WORKING DATA section start

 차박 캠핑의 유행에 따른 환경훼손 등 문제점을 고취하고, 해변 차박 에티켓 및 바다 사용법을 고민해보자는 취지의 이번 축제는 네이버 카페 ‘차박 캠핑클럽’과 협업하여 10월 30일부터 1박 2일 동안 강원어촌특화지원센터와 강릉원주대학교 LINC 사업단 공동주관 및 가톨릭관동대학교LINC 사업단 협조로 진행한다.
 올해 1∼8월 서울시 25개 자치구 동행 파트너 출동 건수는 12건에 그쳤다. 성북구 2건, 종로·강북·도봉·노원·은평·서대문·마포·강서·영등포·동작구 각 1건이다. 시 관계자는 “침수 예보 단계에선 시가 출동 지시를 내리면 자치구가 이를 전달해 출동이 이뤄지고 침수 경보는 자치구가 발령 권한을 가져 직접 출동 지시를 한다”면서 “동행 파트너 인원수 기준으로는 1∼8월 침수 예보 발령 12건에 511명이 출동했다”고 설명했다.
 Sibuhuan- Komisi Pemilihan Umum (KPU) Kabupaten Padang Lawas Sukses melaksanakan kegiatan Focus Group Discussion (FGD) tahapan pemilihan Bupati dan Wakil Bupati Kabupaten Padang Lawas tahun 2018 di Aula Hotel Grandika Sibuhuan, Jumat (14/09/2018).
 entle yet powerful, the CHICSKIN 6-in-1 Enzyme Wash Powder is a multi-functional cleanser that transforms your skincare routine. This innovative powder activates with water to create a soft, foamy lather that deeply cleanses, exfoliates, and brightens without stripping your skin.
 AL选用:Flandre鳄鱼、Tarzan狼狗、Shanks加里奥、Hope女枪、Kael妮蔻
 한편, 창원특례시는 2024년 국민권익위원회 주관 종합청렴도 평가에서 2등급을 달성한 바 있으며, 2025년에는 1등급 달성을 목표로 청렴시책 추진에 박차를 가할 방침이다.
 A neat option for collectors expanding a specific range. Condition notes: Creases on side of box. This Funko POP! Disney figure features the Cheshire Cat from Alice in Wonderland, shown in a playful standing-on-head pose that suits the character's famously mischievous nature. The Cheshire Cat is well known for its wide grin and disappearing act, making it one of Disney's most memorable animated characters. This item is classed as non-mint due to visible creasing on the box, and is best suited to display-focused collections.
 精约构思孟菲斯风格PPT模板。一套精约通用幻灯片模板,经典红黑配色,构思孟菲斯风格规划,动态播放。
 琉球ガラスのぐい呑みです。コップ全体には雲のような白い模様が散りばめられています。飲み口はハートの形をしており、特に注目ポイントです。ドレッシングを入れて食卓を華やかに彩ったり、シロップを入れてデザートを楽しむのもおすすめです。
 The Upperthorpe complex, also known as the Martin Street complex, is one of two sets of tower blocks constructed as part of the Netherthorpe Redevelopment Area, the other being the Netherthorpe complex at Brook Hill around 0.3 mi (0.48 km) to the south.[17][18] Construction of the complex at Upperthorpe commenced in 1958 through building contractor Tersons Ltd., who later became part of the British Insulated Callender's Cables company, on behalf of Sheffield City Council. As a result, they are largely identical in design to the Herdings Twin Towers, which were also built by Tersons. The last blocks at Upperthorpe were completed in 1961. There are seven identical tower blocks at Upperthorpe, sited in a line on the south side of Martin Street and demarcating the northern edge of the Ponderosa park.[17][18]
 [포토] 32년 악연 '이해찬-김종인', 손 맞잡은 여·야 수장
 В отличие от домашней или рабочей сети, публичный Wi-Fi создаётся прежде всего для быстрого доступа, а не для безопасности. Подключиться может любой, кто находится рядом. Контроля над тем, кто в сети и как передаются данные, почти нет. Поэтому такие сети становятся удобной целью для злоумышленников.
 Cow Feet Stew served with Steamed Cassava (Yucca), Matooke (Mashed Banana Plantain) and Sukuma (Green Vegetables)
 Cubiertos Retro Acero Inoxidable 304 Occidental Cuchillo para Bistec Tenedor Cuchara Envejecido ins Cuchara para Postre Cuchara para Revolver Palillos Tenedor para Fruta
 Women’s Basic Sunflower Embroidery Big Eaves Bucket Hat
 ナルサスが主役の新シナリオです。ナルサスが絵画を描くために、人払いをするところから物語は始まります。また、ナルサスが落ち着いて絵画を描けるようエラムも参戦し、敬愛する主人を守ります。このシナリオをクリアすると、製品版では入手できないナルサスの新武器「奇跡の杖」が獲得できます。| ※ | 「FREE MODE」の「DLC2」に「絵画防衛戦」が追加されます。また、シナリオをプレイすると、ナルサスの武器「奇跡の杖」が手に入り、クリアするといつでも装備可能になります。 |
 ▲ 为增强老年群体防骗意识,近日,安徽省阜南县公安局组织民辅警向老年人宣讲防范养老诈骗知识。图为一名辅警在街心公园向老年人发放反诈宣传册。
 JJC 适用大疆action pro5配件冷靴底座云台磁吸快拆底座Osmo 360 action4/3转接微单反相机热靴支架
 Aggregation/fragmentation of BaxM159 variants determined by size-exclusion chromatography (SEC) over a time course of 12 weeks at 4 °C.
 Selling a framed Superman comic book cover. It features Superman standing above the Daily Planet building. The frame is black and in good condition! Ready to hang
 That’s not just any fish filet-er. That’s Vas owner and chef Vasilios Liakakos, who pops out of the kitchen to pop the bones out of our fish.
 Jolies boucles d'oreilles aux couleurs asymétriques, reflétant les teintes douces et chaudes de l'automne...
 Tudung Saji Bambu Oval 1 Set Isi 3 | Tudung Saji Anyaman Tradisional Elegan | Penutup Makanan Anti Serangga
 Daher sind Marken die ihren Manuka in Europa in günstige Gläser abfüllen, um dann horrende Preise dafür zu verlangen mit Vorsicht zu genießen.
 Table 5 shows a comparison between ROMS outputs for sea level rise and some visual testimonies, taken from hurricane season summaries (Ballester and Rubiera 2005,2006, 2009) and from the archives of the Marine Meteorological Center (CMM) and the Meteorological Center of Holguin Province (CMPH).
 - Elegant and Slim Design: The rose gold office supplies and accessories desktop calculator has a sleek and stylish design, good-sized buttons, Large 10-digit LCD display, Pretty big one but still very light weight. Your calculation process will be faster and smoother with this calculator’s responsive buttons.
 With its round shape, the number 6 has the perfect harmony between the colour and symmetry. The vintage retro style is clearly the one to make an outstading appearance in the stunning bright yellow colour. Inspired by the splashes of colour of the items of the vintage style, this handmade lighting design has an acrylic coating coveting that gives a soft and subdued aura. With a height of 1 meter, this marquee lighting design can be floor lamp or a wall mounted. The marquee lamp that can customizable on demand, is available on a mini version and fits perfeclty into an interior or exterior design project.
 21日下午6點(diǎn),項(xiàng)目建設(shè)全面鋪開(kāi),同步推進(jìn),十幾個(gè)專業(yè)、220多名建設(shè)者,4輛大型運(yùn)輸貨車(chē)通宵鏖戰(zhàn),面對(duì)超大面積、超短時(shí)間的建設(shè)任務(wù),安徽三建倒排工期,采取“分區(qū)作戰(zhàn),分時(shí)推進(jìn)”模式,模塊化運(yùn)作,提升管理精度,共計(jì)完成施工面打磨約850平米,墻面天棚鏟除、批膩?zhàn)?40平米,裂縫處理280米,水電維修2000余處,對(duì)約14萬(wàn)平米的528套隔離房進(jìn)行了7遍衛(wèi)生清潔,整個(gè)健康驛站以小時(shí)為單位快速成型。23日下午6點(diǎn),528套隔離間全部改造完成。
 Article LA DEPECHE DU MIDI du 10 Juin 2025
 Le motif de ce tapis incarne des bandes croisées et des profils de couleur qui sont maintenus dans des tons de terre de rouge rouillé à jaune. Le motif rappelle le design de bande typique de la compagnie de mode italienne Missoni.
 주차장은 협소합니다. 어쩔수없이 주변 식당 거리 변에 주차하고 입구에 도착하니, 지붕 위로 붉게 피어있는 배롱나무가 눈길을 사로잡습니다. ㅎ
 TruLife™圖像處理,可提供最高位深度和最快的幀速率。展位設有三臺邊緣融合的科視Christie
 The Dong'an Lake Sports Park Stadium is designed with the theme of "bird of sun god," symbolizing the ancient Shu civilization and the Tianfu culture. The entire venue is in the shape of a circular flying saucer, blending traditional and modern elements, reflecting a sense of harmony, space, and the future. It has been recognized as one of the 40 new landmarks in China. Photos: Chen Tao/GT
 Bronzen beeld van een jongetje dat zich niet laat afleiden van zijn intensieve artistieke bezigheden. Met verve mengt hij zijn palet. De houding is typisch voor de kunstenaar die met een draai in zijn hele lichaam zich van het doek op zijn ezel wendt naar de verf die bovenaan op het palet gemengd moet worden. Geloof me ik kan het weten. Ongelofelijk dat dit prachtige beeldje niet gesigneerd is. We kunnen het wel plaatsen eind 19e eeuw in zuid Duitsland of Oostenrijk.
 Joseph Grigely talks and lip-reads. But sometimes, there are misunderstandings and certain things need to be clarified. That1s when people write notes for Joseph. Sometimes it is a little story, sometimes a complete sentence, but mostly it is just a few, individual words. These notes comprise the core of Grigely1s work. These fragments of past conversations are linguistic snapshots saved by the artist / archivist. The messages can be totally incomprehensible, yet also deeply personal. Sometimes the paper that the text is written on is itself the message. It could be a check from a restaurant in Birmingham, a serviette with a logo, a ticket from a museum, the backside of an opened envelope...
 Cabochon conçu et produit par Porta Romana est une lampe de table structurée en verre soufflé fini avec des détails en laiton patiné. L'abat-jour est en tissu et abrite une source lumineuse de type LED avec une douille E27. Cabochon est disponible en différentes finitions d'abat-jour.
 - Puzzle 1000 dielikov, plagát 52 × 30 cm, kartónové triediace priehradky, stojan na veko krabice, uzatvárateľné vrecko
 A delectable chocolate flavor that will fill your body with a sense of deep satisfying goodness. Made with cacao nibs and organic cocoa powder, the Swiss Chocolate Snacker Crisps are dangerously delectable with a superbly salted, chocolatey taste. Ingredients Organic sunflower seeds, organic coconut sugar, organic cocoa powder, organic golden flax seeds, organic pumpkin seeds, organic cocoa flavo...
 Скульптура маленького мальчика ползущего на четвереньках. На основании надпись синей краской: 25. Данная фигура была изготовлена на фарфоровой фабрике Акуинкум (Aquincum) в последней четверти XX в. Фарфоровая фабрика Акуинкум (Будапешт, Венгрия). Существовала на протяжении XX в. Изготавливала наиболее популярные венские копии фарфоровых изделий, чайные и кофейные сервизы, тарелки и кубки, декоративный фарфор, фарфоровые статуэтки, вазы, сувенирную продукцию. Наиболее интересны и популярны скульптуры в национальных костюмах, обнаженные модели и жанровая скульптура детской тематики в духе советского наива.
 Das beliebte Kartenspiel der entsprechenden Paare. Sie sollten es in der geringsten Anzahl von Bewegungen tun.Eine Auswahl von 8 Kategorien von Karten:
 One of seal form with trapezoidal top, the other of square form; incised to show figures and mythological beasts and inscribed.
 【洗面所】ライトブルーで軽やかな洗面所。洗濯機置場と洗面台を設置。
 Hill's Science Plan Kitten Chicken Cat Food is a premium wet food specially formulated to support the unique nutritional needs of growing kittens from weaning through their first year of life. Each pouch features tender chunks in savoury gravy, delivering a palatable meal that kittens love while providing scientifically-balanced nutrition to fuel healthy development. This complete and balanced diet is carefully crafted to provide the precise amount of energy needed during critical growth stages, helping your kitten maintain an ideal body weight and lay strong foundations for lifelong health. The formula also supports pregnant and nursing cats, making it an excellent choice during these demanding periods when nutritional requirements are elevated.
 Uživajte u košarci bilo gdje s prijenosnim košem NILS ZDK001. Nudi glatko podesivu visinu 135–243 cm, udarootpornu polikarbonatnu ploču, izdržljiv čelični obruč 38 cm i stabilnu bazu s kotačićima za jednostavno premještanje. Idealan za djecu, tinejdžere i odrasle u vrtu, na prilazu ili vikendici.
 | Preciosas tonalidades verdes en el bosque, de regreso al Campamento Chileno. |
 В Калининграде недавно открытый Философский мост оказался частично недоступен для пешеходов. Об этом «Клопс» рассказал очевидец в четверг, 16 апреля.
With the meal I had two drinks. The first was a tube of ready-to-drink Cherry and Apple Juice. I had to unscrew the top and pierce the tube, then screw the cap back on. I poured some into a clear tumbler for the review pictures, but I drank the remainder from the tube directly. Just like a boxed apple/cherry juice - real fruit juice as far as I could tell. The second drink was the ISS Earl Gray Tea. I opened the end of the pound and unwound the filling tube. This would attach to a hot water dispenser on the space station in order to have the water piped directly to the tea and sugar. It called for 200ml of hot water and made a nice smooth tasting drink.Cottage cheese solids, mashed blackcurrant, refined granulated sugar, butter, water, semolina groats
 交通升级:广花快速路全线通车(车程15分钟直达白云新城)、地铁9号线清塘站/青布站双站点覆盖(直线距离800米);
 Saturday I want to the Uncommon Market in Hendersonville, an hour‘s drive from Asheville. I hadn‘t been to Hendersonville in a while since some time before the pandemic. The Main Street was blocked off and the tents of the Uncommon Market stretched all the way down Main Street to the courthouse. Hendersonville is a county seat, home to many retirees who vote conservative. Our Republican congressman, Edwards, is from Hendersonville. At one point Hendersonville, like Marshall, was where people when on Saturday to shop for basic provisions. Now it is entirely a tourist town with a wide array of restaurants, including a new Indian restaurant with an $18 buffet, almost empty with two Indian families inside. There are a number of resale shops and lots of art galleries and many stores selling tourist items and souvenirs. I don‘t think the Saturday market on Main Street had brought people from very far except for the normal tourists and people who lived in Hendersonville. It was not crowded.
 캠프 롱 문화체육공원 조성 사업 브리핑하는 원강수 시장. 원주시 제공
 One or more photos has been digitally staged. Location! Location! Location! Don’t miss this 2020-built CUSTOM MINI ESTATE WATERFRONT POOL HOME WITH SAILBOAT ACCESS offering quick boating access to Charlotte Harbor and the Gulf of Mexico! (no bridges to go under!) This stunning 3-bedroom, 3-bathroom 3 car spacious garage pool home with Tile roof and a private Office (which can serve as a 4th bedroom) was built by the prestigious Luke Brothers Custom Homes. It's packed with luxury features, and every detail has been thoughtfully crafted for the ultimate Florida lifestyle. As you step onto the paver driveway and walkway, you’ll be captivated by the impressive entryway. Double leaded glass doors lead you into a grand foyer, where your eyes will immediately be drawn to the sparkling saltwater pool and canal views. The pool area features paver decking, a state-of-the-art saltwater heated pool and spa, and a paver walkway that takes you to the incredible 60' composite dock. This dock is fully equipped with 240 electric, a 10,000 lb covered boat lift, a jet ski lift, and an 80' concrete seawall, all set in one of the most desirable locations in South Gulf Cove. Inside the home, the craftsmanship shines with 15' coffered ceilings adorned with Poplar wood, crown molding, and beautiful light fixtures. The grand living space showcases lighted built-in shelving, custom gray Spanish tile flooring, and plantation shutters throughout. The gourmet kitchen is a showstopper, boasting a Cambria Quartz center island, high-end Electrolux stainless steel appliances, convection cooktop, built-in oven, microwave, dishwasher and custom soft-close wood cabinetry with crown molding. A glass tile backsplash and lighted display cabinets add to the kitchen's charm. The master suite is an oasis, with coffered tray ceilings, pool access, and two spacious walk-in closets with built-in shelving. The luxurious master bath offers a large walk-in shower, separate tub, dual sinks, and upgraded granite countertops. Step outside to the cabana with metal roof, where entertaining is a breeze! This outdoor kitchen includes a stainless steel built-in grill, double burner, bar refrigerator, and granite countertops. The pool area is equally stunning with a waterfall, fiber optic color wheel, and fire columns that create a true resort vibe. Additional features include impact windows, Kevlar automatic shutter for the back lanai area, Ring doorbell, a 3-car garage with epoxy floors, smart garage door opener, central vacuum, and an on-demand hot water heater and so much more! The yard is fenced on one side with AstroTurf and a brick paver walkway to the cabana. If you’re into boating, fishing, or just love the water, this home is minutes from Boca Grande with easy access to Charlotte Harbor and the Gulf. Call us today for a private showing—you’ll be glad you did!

WORKING DATA section end

§ **WHAT IS REQUIRED**:
Gather up the lines containing the word "between" from these records and copy them.

§ **YOUR RESPONSE**:
 Table 5 shows a comparison between ROMS outputs for sea level rise and some visual testimonies, taken from hurricane season summaries (Ballester and Rubiera 2005,2006, 2009) and from the archives of the Marine Meteorological Center (CMM) and the Meteorological Center of Holguin Province (CMPH).
 With its round shape, the number 6 has the perfect harmony between the colour and symmetry. The vintage retro style is clearly the one to make an outstading appearance in the stunning bright yellow colour. Inspired by the splashes of colour of the items of the vintage style, this handmade lighting design has an acrylic coating coveting that gives a soft and subdued aura. With a height of 1 meter, this marquee lighting design can be floor lamp or a wall mounted. The marquee lamp that can customizable on demand, is available on a mini version and fits perfeclty into an interior or exterior design project.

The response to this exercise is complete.